I think we should just be friends. It’s not you, it’s me.
Okay, so that’s two clichés — both of which (in some form of another) I uttered during my first breakup. Let’s start with the latter.
It’s not you, it’s me. I take full responsibility for the demise of this relationship. I was too shy to communicate my wants and needs earlier on, and by the time I realized the things that made me unhappy — I didn’t have the drive to try and fix things. I liked you. But that’s the thing — I liked you. I was excited by the idea of falling in love with you. You were — are — smart, funny, talented, and oh so cute with your blue eyes and scruff, but that didn’t do it for me. You were also passive, indecisive, the Robin to a whole world of Batmans. Perhaps I am the victim of one too many works of fiction, but I need a man who, well, is a man. Maybe that’s one of the pitfalls of trying to date when you’re young — being swept up in a whirlwind of whiskey and conversation, only to wake up, weeks later, with the realization that you’re with what Mindy Kaling describes as a “man-child.”

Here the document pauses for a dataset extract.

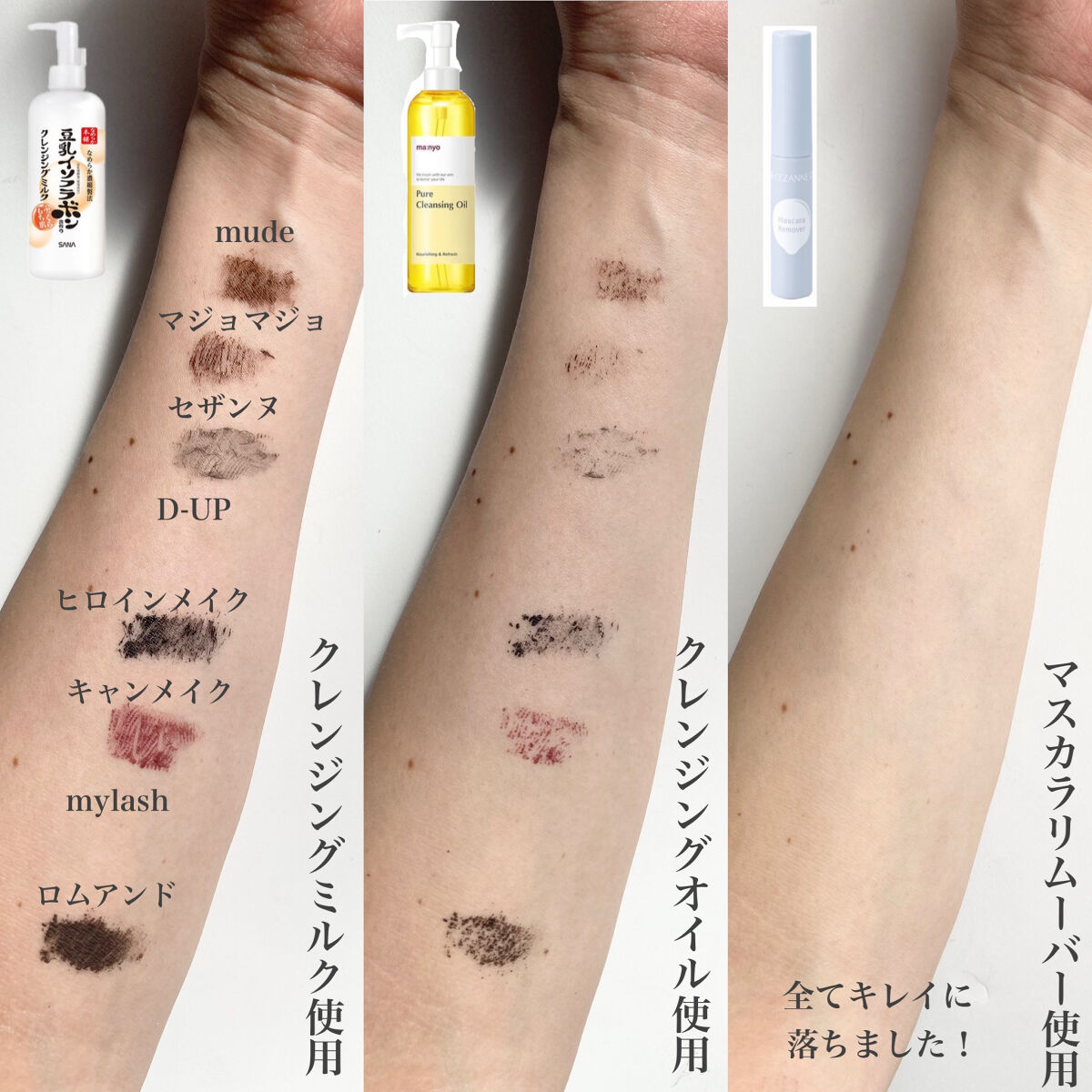 落としやすさ、使いやすさで選ぶならやっぱり王道のヒロインメイク! コストを抑えながらもしっかり落としたい方はセザンヌ! 下まつげまで細かく丁寧に落としたい方はキャンメイク! ヒロインメイクの落ちやすさは人気なだけあって本物でしたが、コスパ面や衛生面を考えるとセザンヌを選ぶかな〜と思いました! キャンメイクもセザンヌと同じぐらい落ちましたが、時短でメイクオフしたい私にとっては、ヒロインメイクやセザンヌの液の付きやすさが合っていました🥺🙏

I’ve come to realize, that people (both men and women) tend to be at wildly varying degrees of accomplishment (referring to jobs, health, and accomplishment in the Jane Austenian sense) during two stages of their life: their 20s and “the end.” How you are functioning at the end of your life depends on many things, but mostly how you lived it and took care of yourself during the time you were given on this planet. Some senior citizens are confined to bedpans and nursing homes, while others can still be found kayaking and roaming the streets of whatever city they decided to use their retirement funds on that week.

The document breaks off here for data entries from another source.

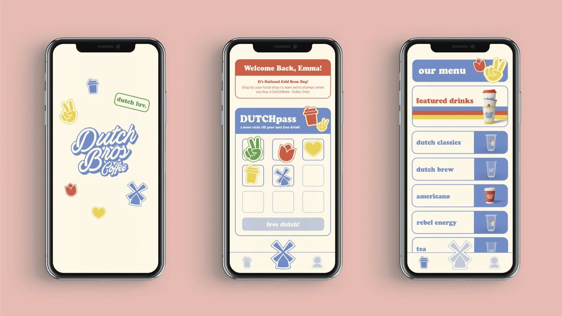 Dutch Bros is a beloved coffee chain on the west coast that is known for its friendly “broistas” and ‘killer’ coffee. This brand refresh aims to bring Dutch Bros back to its roots: personable, friendly, but still cool. It brings back the retro feel the brand encapsulated when founded through the bright primary color palette and funky illustration style. The rebrand also brings a newly designed app to bring Dutch Bros into the digital age, transforming their staple ‘punch card’ rewards into an in-app function for users to enjoy. Lastly, a refresh of the hot and cold cups brings the brand back to its retro roots. As always, Peace, Love, Dutch.
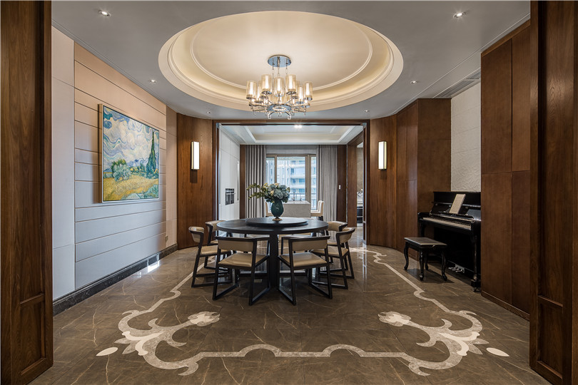 餐廳延續(xù)客廳的設(shè)計(jì),橡木與硬包的結(jié)合,圓型的吊頂與餐桌上下呼應(yīng),家中唯一的一盞大吊燈使餐廳更加敞亮,并賦予了高朋滿座時(shí)的歡愉熱鬧。
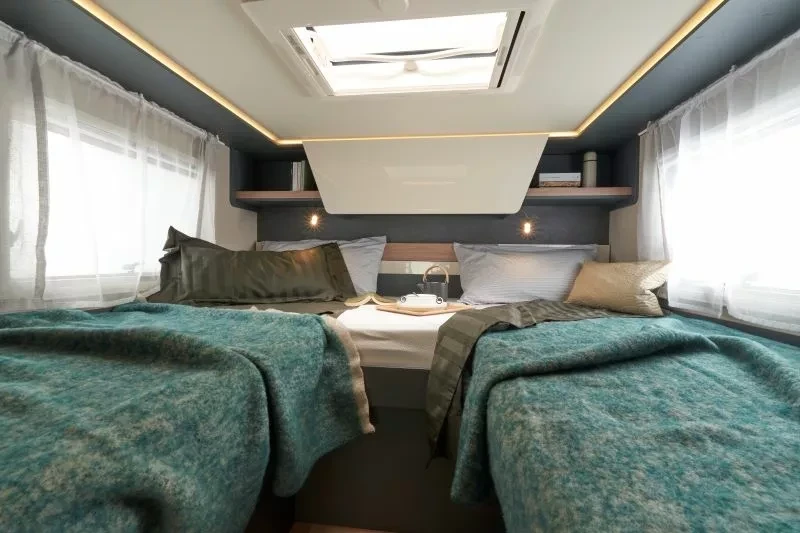 On-board entertainment includes a TV compartment for LCD/ LED screens up to 32″.

The same can be said of people in their 20s. Granted, you’ve only been alive for 20-something years — but during this time you’ve had the opportunity to grow as a person, using whatever books/movies/life experiences that’ve come your way to further yourself and learn. A man encroaching on his mid-to-late 20s, can either be on the cusp of his career — he’s passionate and excited about life, and may be getting his shit together sartorially — or he could still be living in a post-college haze of bro-nights, video games, and shattered illusions of what he though life would be like.
I don’t regret any of it. I loved the excitement I felt every day when things first began to develop — the way my heart would flutter every time you IM’d me — saving me from just another menial day at work. I liked that you felt that I was someone you could confide in — someone who could share in your life’s problems and joys. I loved that you could make my friend’s laugh and that you would invite me to partake in the occasional guy’s night — knowing that I could hold my own in a room of beer, scotch, and invisible cigars.

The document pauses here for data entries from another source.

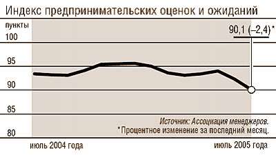 Интегральный индекс деловой активности снижается второй месяц подряд, в июле он упал еще на 0,3% – до 167,3 пункта. И это неудивительно. Важнейшими задачами 2005 года и в среднесрочной перспективе (до 2008 года) власти называют обеспечение высоких темпов роста российской экономики (свыше 6-7% в год), а также формирование фундамента для их сохранения в среднесрочной перспективе. Однако большинство прогнозов, разрабатываемых как официальными, так и независимыми источниками, довольно пессимистичны: даже в условиях сохранения цен на сырье и энергоносители на высоком уровне в 200-52006 годах ожидается снижение темпов роста ВВП до 5,8-5,9%. И итоги первого полугодия 2005 года подтверждают худшие опасения: темпы роста ВВП составили лишь 5,6%, а объемы промышленного производства практически не выросли. Посмотрим теперь подробнее, где именно сосредоточены основные проблемы российской экономики.
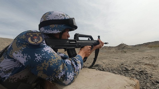 圖為“晴空”項目參賽隊員進行自動步槍對隱顯目標(biāo)射擊。徐翥 攝
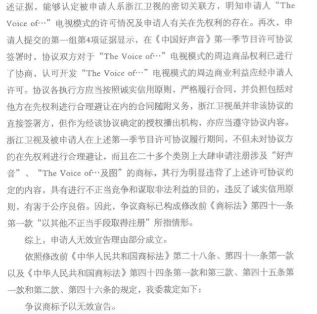 据记者从有关方面了解到,在包括“蓝巨星好声音”等在内的26个商标被宣告无效的这一批裁决书中,作为前四季《中国好声音》播出平台的浙江卫视一并被指违约,商标评审委员会认定:蓝巨星国际传媒的行为明显违背了《中国好声音》授权许可协议约定的内容,“具有进行不正当竞争和牟取非法利益的目的,违反了诚实信用原则,有害于公序良俗”。

I learned from this. I learned that I couldn’t deal with your lack of reciprocated questions. I learned that I need to voice my thoughts on us — on what was and wasn’t working. I learned that we were not meant to be. I need a man who is curious about my life and who wants to take me to such-and-such exciting restaurant/movie/place because he thinks it’ll make me happy. Which brings me to…
I think we should just be friends. We were before, and I hoped that by ending things now, we could still be. We had more fun during those times — hanging out in diners late at night, sneaking alcohol into movies, laughing for days with our combined host of friends. I know you’re hurt. Breaking up sucks. I made the mistake of watching Crazy, Stupid, Love and cried myself to sleep that night. Knowing that I was the infliction of your pain made me sick. I wasn’t expecting to feel sad — I thought, for a moment, that I may have made the wrong decision. If breaking up was my choice, shouldn’t I feel better about it? But eventually, I did. I knew that in breaking up with you, I was potentially severing ties with all aspects of our life together, both before and after us. I feel jealous whenever my friends run into you around town — always wishing I was there to see how you are, hoping you’ll realize that you’re over me. I miss us as friends.
It’s not you, it’s me. I think we should just be friends — can we, please?